I'm just so greeped.


----------



## BeauShel (May 20, 2007)

I am so sorry for your friends loss and your loss too. It is especially hard when it is so sudden. Maybe it will do her good letting her dog sit Max this weekend. It may do her good. She can do alot of hugging him and he can kiss her tears.


----------



## laprincessa (Mar 24, 2008)

Thank you. I had the same thought, that it might help her heal to have Max to love and cuddle. I'm a little seflishly worried about how Max is gonna handle it without his best friend there, but I think they just might help each other.

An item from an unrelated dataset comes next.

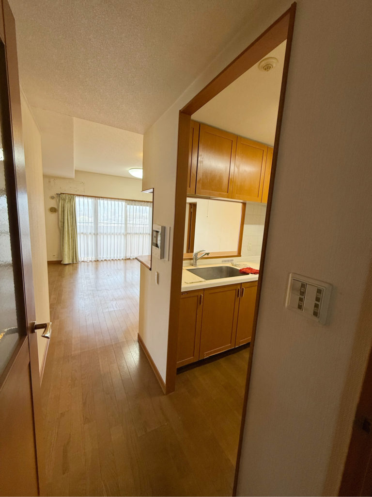 吊り戸棚と袖壁をなくし空間を広く、LDKがまとまった一つの空間になり、広さを感じるとともにすっきりした印象に。

I think I'll go visit my nephew tomorrow and love on his two mastiffs.


----------



## CrystalG (Aug 12, 2009)

So sorry for the loss of Duke. Hugs to you, Max and your friend.


----------



## Oaklys Dad (Dec 28, 2005)

So very sorry Max lost a good buddy. I'm sure he would be a big comfort to your friend if he could be there so they could share the good memories of their buddy.


----------



## Dallas Gold (Dec 22, 2007)

I'm so very sorry. I hope Max will help heal all of your aching hearts.


----------



## Bob-N-Tash (Feb 24, 2008)

Never easy to lose a friend... I'm sure Max was aware of the sadness.. certainly he knew Duke wasn't there to play with. 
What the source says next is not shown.